[HOW TO COMPLETE THIS TASK] Please output exactly the lines below, starting at the line that has "Estudantes e professores" and ending at the line that has "Joyeux Noel paper", both included; leave out all pictures and include nothing else.
━━━━━ THE DATA ━━━━━
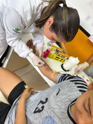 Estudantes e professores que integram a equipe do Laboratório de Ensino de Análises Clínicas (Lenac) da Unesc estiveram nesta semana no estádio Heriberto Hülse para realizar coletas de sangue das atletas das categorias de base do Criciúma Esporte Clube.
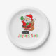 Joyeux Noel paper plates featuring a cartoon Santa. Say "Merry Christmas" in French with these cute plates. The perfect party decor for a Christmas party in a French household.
━━━━━
━━━━━ THE DATA ━━━━━
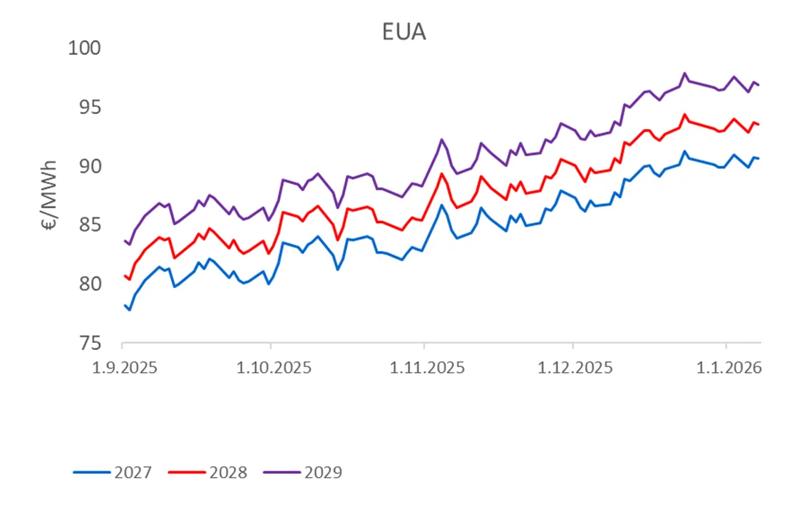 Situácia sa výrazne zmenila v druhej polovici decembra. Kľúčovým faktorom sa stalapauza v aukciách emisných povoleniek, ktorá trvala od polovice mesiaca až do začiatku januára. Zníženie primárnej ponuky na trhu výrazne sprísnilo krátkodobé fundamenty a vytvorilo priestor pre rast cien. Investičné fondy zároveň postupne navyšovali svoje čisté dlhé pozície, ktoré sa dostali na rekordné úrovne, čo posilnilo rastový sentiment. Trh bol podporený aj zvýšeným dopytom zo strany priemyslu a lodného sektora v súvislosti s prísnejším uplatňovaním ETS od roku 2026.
━━━━━
[WORKED SOLUTION]
 Estudantes e professores que integram a equipe do Laboratório de Ensino de Análises Clínicas (Lenac) da Unesc estiveram nesta semana no estádio Heriberto Hülse para realizar coletas de sangue das atletas das categorias de base do Criciúma Esporte Clube.
 Joyeux Noel paper plates featuring a cartoon Santa. Say "Merry Christmas" in French with these cute plates. The perfect party decor for a Christmas party in a French household.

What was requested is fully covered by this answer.